John Lewis’s Best Brisket Secret

The Texas-turned-South Carolina pit master on how to smoke meat like a pro

Photo: Andrew Cebulka

John Lewis in his Charleston, South Carolina, smokehouse.

When he was about eighteen years old, John Lewis fell in love with brisket. Not necessarily his own—that would come later—but those of the famed barbecue joints around Austin, Texas, where he had relocated from his hometown of El Paso. “It was places like Salt Lick, City Market, Louie Mueller,” says the pit master, who used those restaurants as inspiration to start honing his own smoking skills. After stints at Franklin Barbecue and La Barbecue in Austin, and years of fine-tuning the design of his hand-built smokers, he moved to Charleston in 2015 to open Lewis Barbecue and spread his now-legendary brisket to the Southeast.

Photo: Andrew Cebulka

Lewis slices his brisket.

Countless factors go into making world-class brisket, but one of the most important is the cut of meat you begin with. Here’s how Lewis chooses his.
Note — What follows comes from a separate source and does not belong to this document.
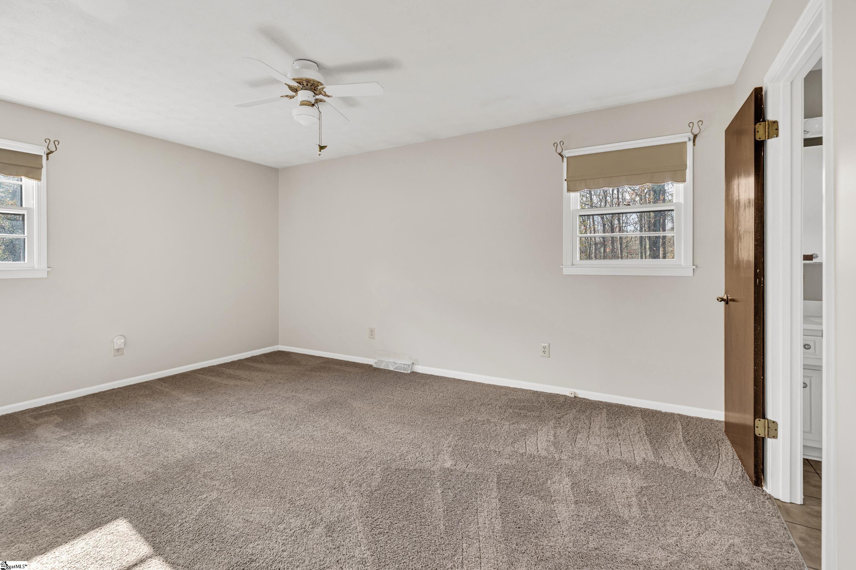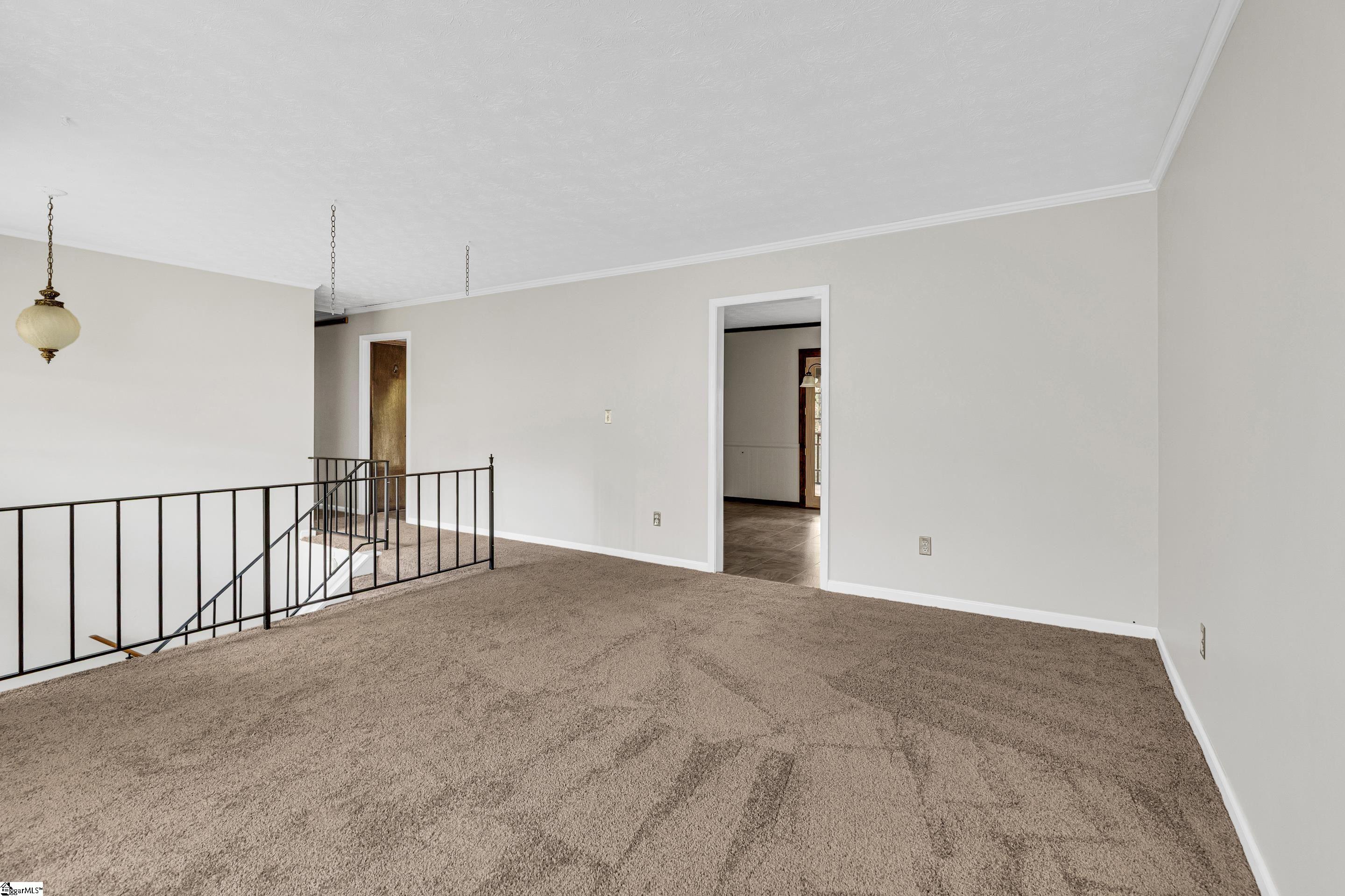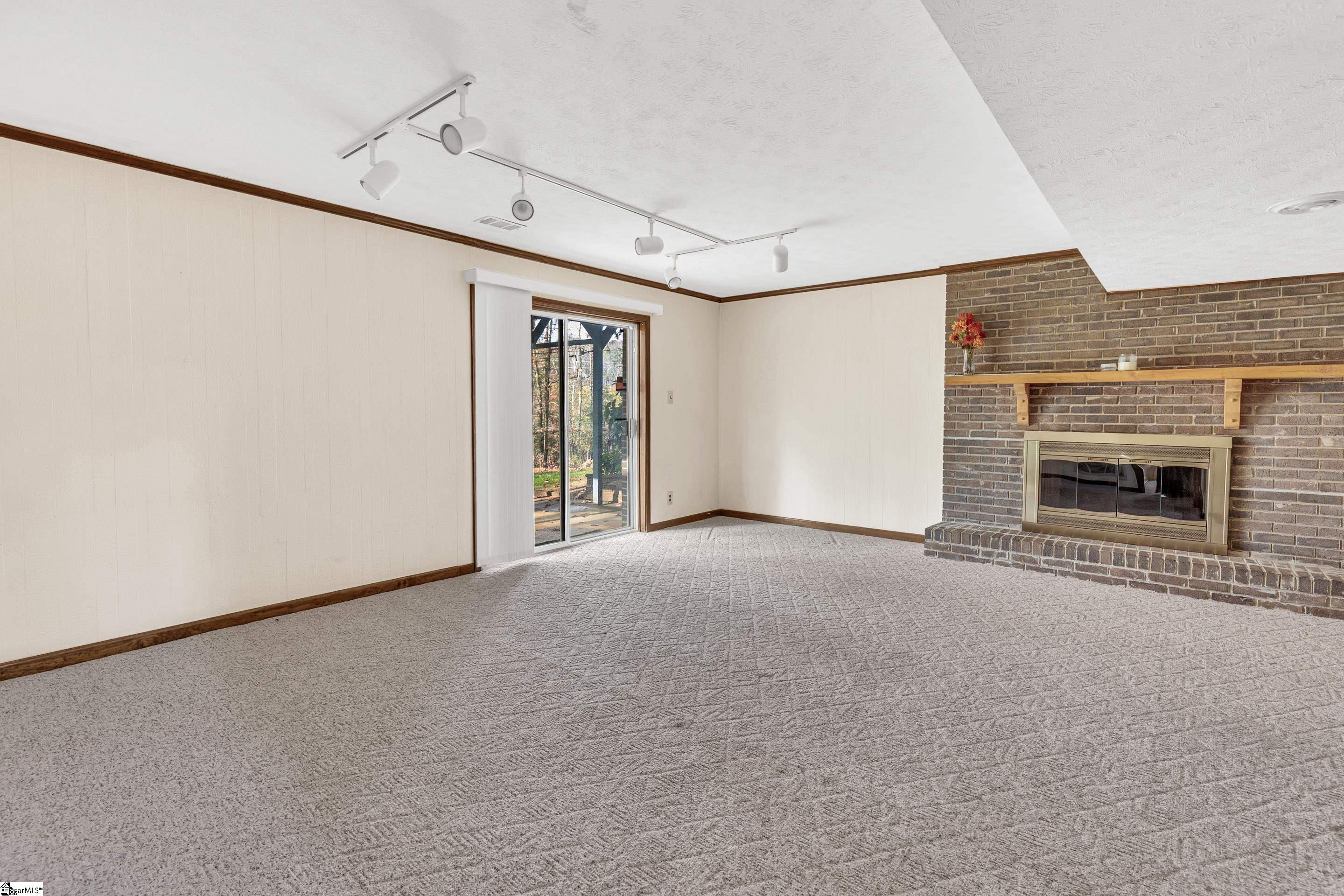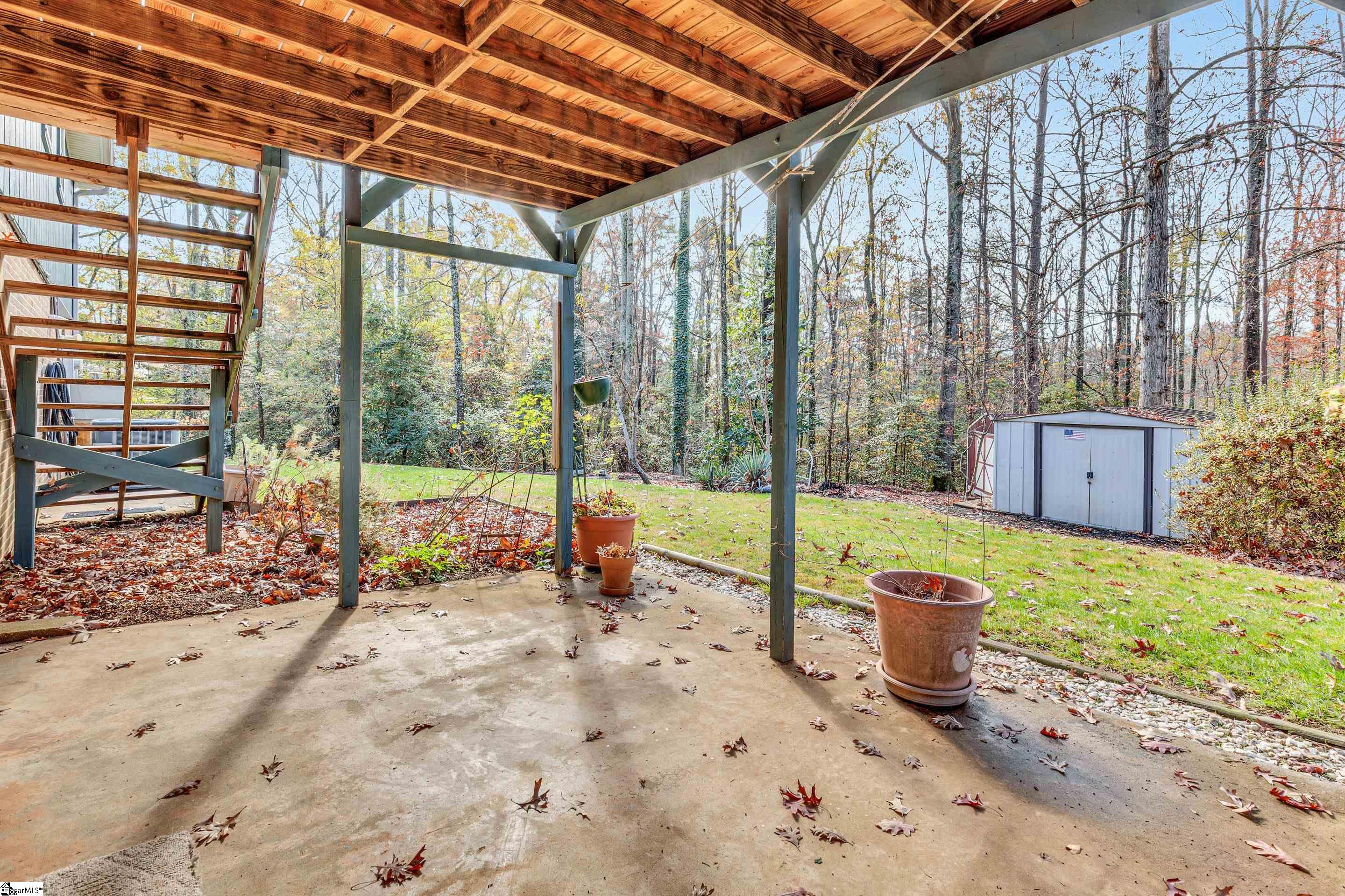 Welcome to this spacious 4-bedroom, 2.5-bath split-level home offering comfort, versatility, and room to grow—all set on over an acre of beautifully wooded land. With just under 2,600 sq. ft., this property blends classic charm with functional living spaces. The main level features a bright living area, the spacious kitchen includes quartz countertops, smooth top stove w/ convection oven, refrigerator and dishwasher and is open to the ding area. Off this area is a covered deck overlooking a private, tree-lined backyard, perfect for quiet mornings or gatherings with friends. Great for gilling your favorite meals. The lower level opens to a large Recreation room with a cozy gas-log fireplace, plus an adjoining office area ideal for remote work or hobbies. A covered patio extends your living space outdoors. New carpet installed and freshly painted on the main level. Exterior details include brick and wood siding, a side-entry two-car garage, and generous outdoor space that offers both shade and privacy. Located near the popular Doodlebug Trail—a local favorite similar to the Swamp Rabbit Trail—you’ll enjoy easy access to scenic walking, running, and biking. The home is also conveniently close to parks, shopping, numerous grocery options, major highways, and top-rated schools, making this an ideal location for everyday living. A rare combination of space, convenience, and natural surroundings—come see what this home has to offer.

“It sounds simple, but start with the best possible meat you can find. I use USDA prime brisket, which has the most abundant, finest intramuscular marbling. As it’s cooking, that fine fat will melt and self-baste from the inside. This leaves a little more room for error on the cook’s part.

My favorite brand is Certified Angus Beef—that’s what we use at the restaurant. It’s top-two percent of all prime in the country. Each piece of meat is all about the same size, so you won’t get one that’s so small it’ll dry up, or one so big you’ll burn the outside trying to cook it all the way through. It can be hard to find them at grocery stores in some parts of the South, but the warehouse stores, like Sam’s or Costco, usually carry it.

Photo: Andrew Cebulka

Brisket on one of Lewis’s hand-built smokers.

When you’re digging through the meats, flip them over so you’re not looking at the fat cap on top and look for that abundant marbling—the finest [marbling] you can find spread throughout the slab. A lot of people will say you want a limp, tender piece of meat so it’ll be limp and tender after you cook it. That’s the complete opposite of what you should do. Get it stiff as a board, because when fat is cold, it gets hard. When you heat it up, it’ll get really tender, just how you want it.”

For those without the time (or patience) to smoke a brisket for eighteen hours, Lewis Barbecue ships frozen, vacuum-sealed whole smoked brisket all over the country. After about two hours of simmering in hot water, it’s ready to slice and serve.